§ **Your goal**: Up to and including the line that holds "และเบี้ยความพิการ ประจำเดือนกันยายน พ.ศ.2565", copy every line of the records below exactly, starting at the first; leave pictures out.

(Records from a data source)
▼▼▼

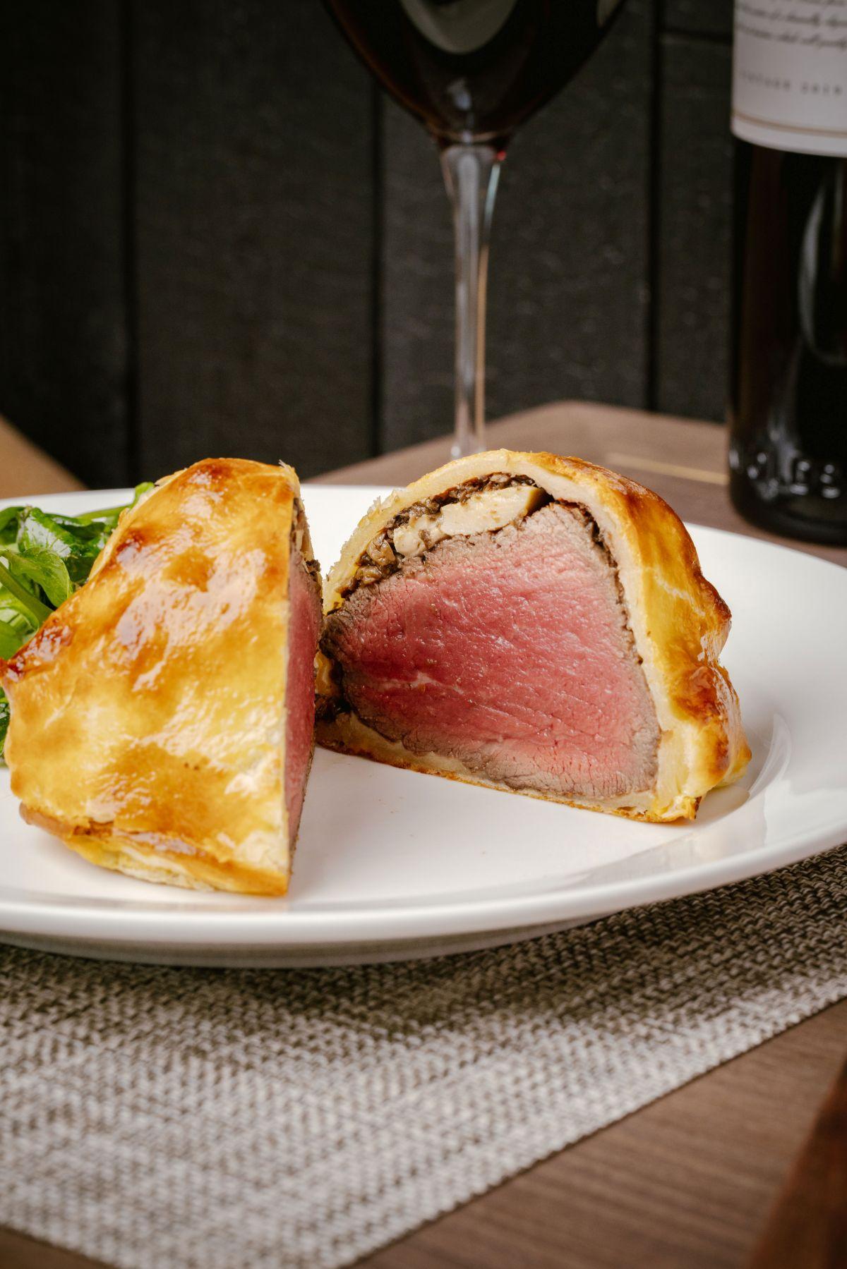 餐牌更提供多種牛扒優質部位,包括澳洲西部榖飼200天的西冷,肉香厚重,濃而不膩。昆士蘭肉眼油花分布密集,肉汁豐盈油香四溢。另有來自科羅拉多州杉河農場的USDA Prime美國極佳等級肉眼及西冷,肉香濃郁,肉質柔嫩。除了用澳洲草飼牛柳夾着鵝肝、雜菌松露醬和意式火腿的圓頂型威靈頓牛柳,也特製坊間少見的羊肉威靈頓,用酥皮包裹羊柳和雞肉慕絲,配搭羊奶芝士及迷迭香紅酒汁。素食版的香薯皮蒂維耶酥皮威靈頓,內有磨菇濃湯和格呂耶爾芝士,鮮香層遞而出。
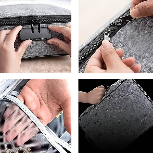 Nerimaujate dėl savo svarbių dokumentų ir vertybių saugumo? Šiame vandeniui atspariame krepšyje įrengta saugi kodinė spyna, užtikrinanti, kad jūsų dokumentai, pinigai ir papuošalai liks neprieinami kitiems asmenims.
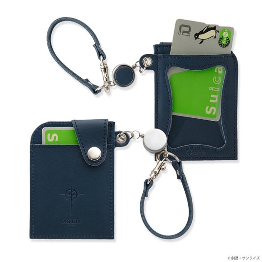 『機動戦士ガンダム 閃光のハサウェイ』に登場する組織マフティーのマークをモチーフにしたシンプルで使い勝手の良いパスケースです。 バッグの持ち手などに取り付けておけば、定期券の紛失を防ぐことができます。リールコードは約40cmまで伸長するので、ICカードをリーダーにかざすときも手間取ることがありません。 前面は額縁をイメージした、曲線の美しい透明窓。定期券の印字やカードのデザインが確認できるようになっています。背面側は脱落防止のスナップホック付きのポケットがあり、こちらもカードサイズです。※前後両面に別々のICカードを入れてご利用になられたい場合は、市販のセパレーターを併用してください。
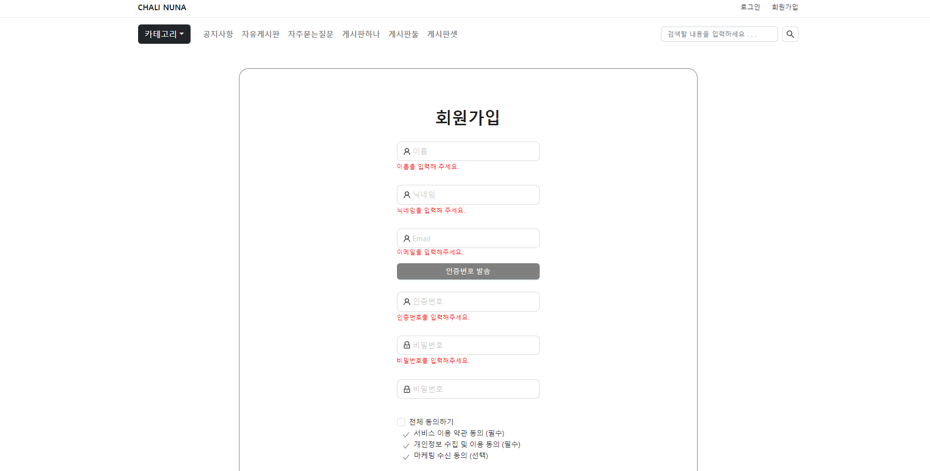 인증번호 발송
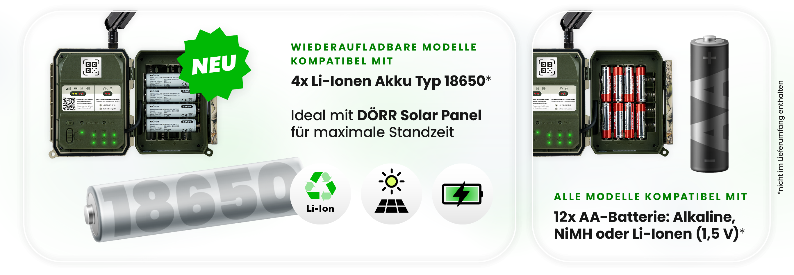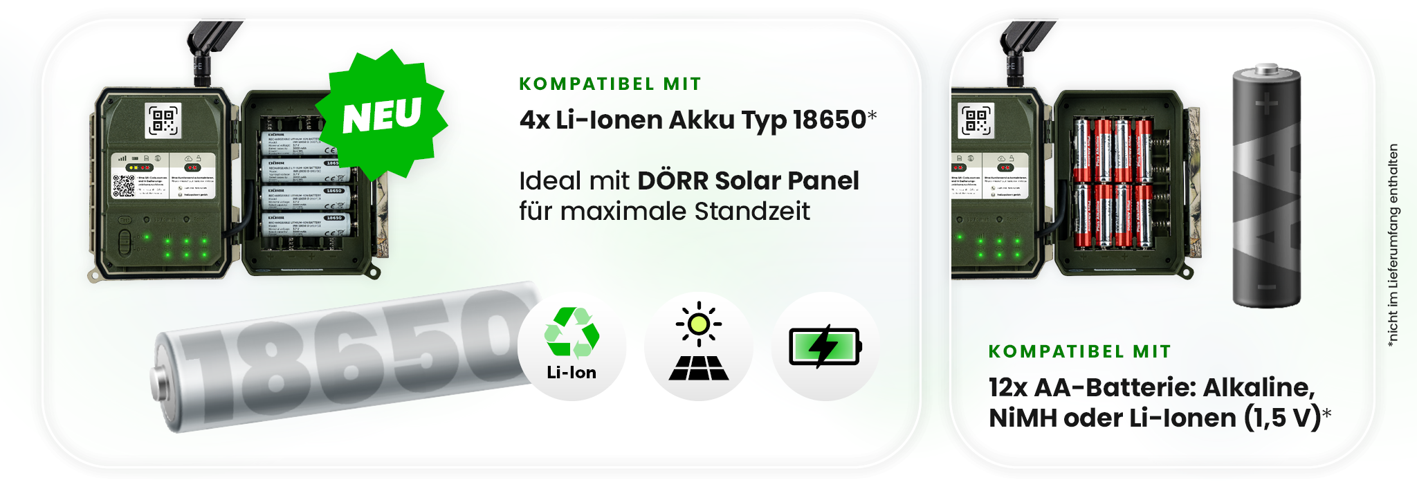 Für den Betrieb werden 12 Mignon AA LR6 1,5V Alkaline Batterien oder 4 Akkus Typ 18650 benötigt (nicht enthalten). Die Standby-Laufzeit beträgt bis zu 8 Monate (*abhängig von Einstellungen, Temperatur & Batterien).
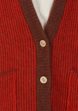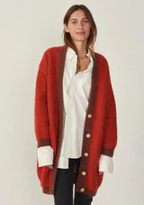 The Vitow Midi Cardigan by American Vintage features a v-neckline, button opening, drop shoulder, full-length sleeves and large patch pocket detail. This two-tone ribbed cardigan is crafted from an Italian wool blend and is a relaxed fit for winter wear.
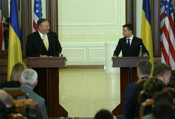 2020年1月31日,在乌克兰基辅,乌克兰总统泽连斯基(右)与美国国务卿蓬佩奥出席联合新闻发布会。
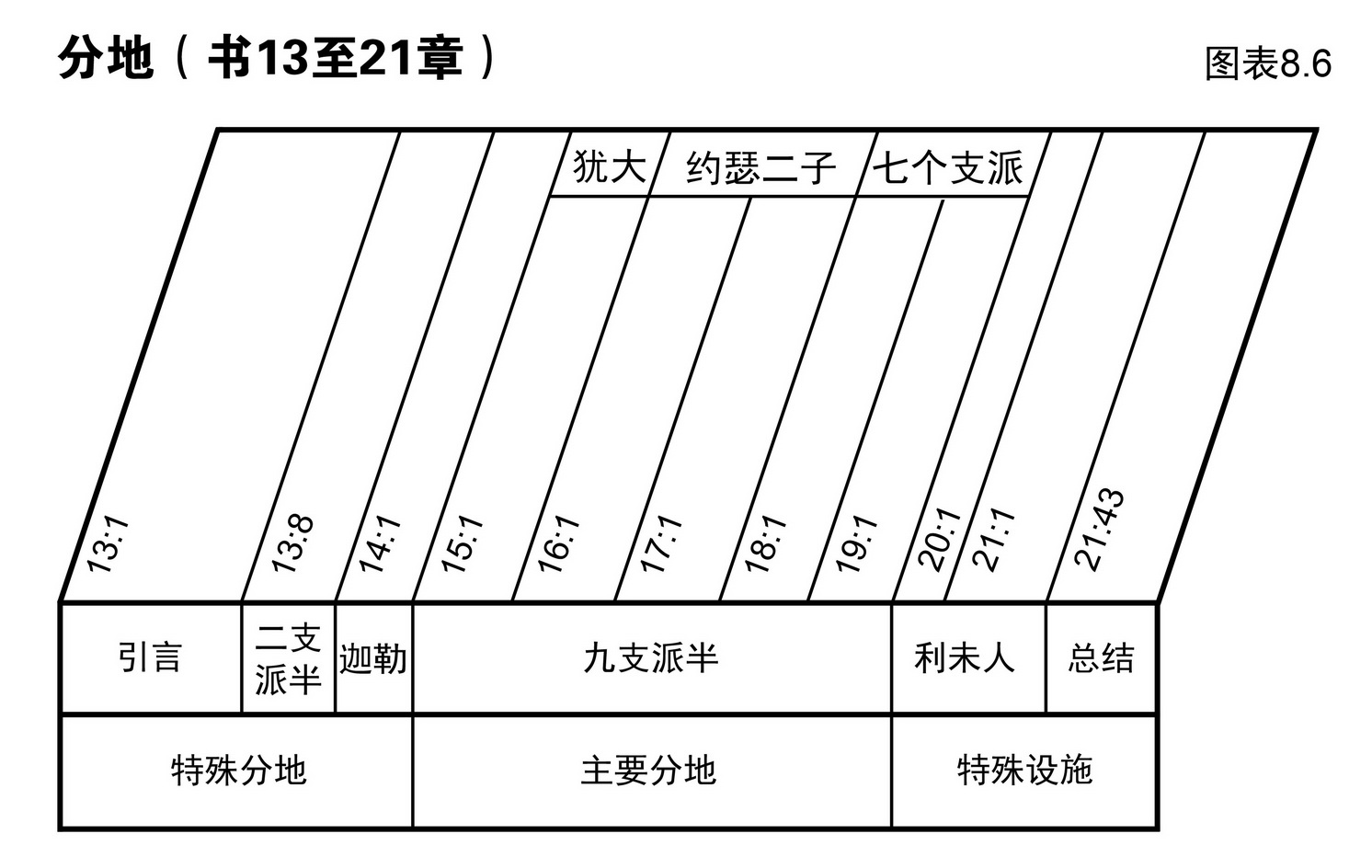 图表8.6说明分地给各支派和某些人的情形。
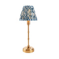 Features & Benefits: Fully portable USB rechargeable table lamp. Brushed aged brass plated finish. Handmade gathered pleated tapered shade. Digitally printed marlin blue faux linen fabric. Taped edge detailing with plain inner lining. 1.5W Integrated LED 2700K warm white. 3 stage touch dimmer - 40lm / 80lm / 155lm. 5.5 hours to full charge, producing up to 36 hours of light. Complete with USB-C to USB-A charging cable. Rechargeable battery included (3.7V 3600mA)
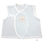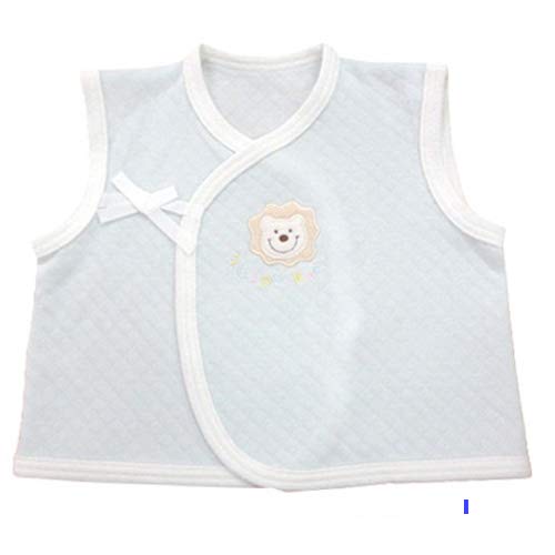 川端縫製の日本製やわらかニットキルトベビー用ベスト、色はサックス(ライオン)。新生児向けでサイズは50-70cm。ふんわりしたキルト素材がベビーにやさしいデザインです。
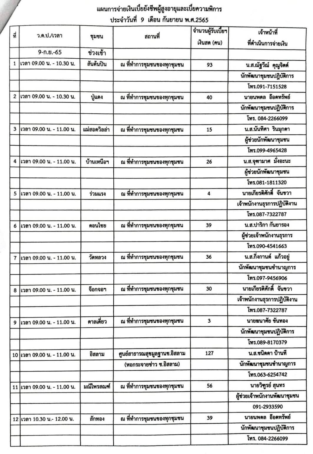 ประชาสัมพันธ์การแจกเบี้ยยังชีพผู้สูงอายุ และเบี้ยความพิการ ประจำเดือนกันยายน พ.ศ.2565
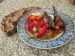 Harissa (arabisch هريسة, DMG Harīsa oder im Tunesisch-Arabischen Dialekt: L’Hrisa/L’Hrisa l’ëarbiy) ist eine aus Tunesien stammende scharfe Gewürzpaste aus frischen Chilis, Kreuzkümmel, Koriandersamen, Knoblauch, Salz und Olivenöl.[1] Heute ist Harissa in der gesamten nordafrikanischen Küche (in Marokko als Sahka) bekannt, aber auch in vorderasiatischen Ländern und Europa. Es gibt verschiedene Rezeptvarianten in den einzelnen Ländern. Obwohl tunesische Harissa oft mit Chilis produziert wird, die relativ mild sind und 40.000–50.000 auf der Scoville-Skala zählen, ist die tunesische Version die schärfste, da sie den größten Chilianteil hat.[2]
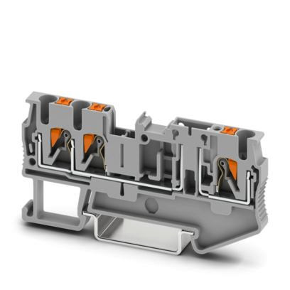 Trennklemme, Der max. Belastungsstrom darf durch den Summenstrom aller angeschlossenen Leiter nicht überschritten werden. Strom und Spannung werden durch den eingesetzten Stecker bestimmt., Nennspannung: 400 V, Thermischer Dauerstrom Ith: 20 A, Anschlussart: Push-in-Anschluss, Bemessungsquerschnitt: 2,5 mm², Querschnitt: 0,14 mm² - 4 mm², Montage: NS 35/7,5, NS 35/15, Farbe: grau
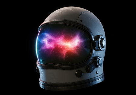A detailed astronaut helmet with a visor reflecting a vibrant, swirling nebula and cosmic dust.
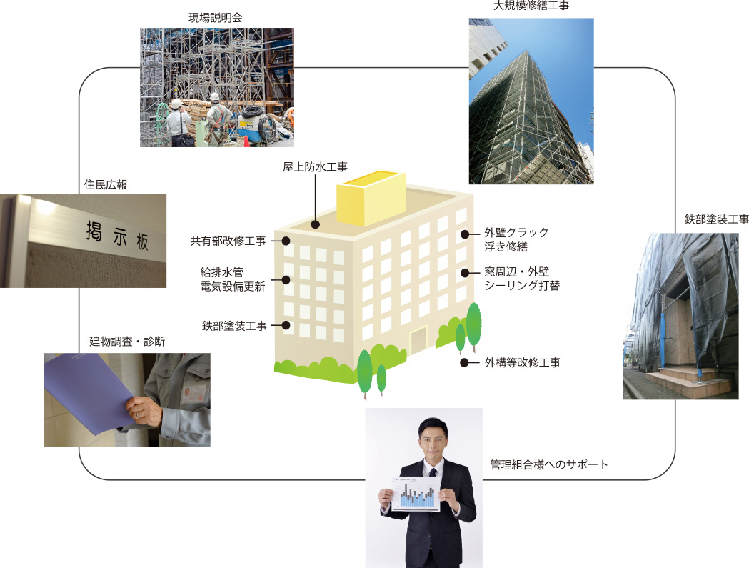 また大規模修繕工事に際しては、管理組合様の大切な費用負担を極力抑え、住民の合意形成を図りながら、公明正大で透明性が高い工事が実施できるよう、管理組合様を支援いたします。
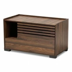 A stylish and versatile design makes the Claire cat house a wonderful addition to any space. Made in Malaysia, this convenient piece acts as a secluded place for a litter box and is fitted with a front entrance to provide your cat easy access. The Claire is also equipped with a storage compartment underneath the entrance, making it ideal for storing treats or pet supplies. Assembly is required and walnut brown finished wood gives the Claire a contemporary look that fits well in the modern household. Organize your cat’s life with the utility of the Claire cat house. A litter box is not included.
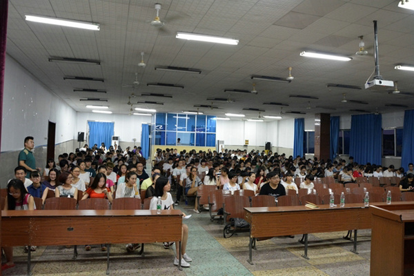 (通讯员 庄德通)7月2日晚,我院2014级学生期末考试动员大会在张公岭校区图书馆报告厅举行。我院新任党委副书记王云,院团委书记陈淼出席会议。会议由2014级学生辅导员张一博主持。 王云向在张公岭校区生活的一年的2014级学生进行了慰问,并向张一博老师表示了感谢。王云说,“岭上有岭上的好处,虽然大家活动空间有限,娱乐活动较少,但是远离了喧嚣,这里却成了一个读书学习的好地方。”她对我院2014级学生在张公岭一年所取得的成绩表示了肯定,并希望同学们回到本部之后,珍惜本部优越的学习条件,学业有成,全面发展。 陈淼向同学们宣读了考试规章制度和注意事项,并对搬回本部校区的工作安排进行了简单介绍和问题解答。她说道:“马上就要放暑假了,很多同学都有了自己的假期安排,但无论如何要把安全问题放在首位,祝愿大家能度过一个愉快的暑假。” 我院2014级全体同学出席动员大会。

▲▲▲

§ **Task result**:
 餐牌更提供多種牛扒優質部位,包括澳洲西部榖飼200天的西冷,肉香厚重,濃而不膩。昆士蘭肉眼油花分布密集,肉汁豐盈油香四溢。另有來自科羅拉多州杉河農場的USDA Prime美國極佳等級肉眼及西冷,肉香濃郁,肉質柔嫩。除了用澳洲草飼牛柳夾着鵝肝、雜菌松露醬和意式火腿的圓頂型威靈頓牛柳,也特製坊間少見的羊肉威靈頓,用酥皮包裹羊柳和雞肉慕絲,配搭羊奶芝士及迷迭香紅酒汁。素食版的香薯皮蒂維耶酥皮威靈頓,內有磨菇濃湯和格呂耶爾芝士,鮮香層遞而出。
 Nerimaujate dėl savo svarbių dokumentų ir vertybių saugumo? Šiame vandeniui atspariame krepšyje įrengta saugi kodinė spyna, užtikrinanti, kad jūsų dokumentai, pinigai ir papuošalai liks neprieinami kitiems asmenims.
 『機動戦士ガンダム 閃光のハサウェイ』に登場する組織マフティーのマークをモチーフにしたシンプルで使い勝手の良いパスケースです。 バッグの持ち手などに取り付けておけば、定期券の紛失を防ぐことができます。リールコードは約40cmまで伸長するので、ICカードをリーダーにかざすときも手間取ることがありません。 前面は額縁をイメージした、曲線の美しい透明窓。定期券の印字やカードのデザインが確認できるようになっています。背面側は脱落防止のスナップホック付きのポケットがあり、こちらもカードサイズです。※前後両面に別々のICカードを入れてご利用になられたい場合は、市販のセパレーターを併用してください。
 인증번호 발송
 Für den Betrieb werden 12 Mignon AA LR6 1,5V Alkaline Batterien oder 4 Akkus Typ 18650 benötigt (nicht enthalten). Die Standby-Laufzeit beträgt bis zu 8 Monate (*abhängig von Einstellungen, Temperatur & Batterien).
 The Vitow Midi Cardigan by American Vintage features a v-neckline, button opening, drop shoulder, full-length sleeves and large patch pocket detail. This two-tone ribbed cardigan is crafted from an Italian wool blend and is a relaxed fit for winter wear.
 2020年1月31日,在乌克兰基辅,乌克兰总统泽连斯基(右)与美国国务卿蓬佩奥出席联合新闻发布会。
 图表8.6说明分地给各支派和某些人的情形。
 Features & Benefits: Fully portable USB rechargeable table lamp. Brushed aged brass plated finish. Handmade gathered pleated tapered shade. Digitally printed marlin blue faux linen fabric. Taped edge detailing with plain inner lining. 1.5W Integrated LED 2700K warm white. 3 stage touch dimmer - 40lm / 80lm / 155lm. 5.5 hours to full charge, producing up to 36 hours of light. Complete with USB-C to USB-A charging cable. Rechargeable battery included (3.7V 3600mA)
 川端縫製の日本製やわらかニットキルトベビー用ベスト、色はサックス(ライオン)。新生児向けでサイズは50-70cm。ふんわりしたキルト素材がベビーにやさしいデザインです。
 ประชาสัมพันธ์การแจกเบี้ยยังชีพผู้สูงอายุ และเบี้ยความพิการ ประจำเดือนกันยายน พ.ศ.2565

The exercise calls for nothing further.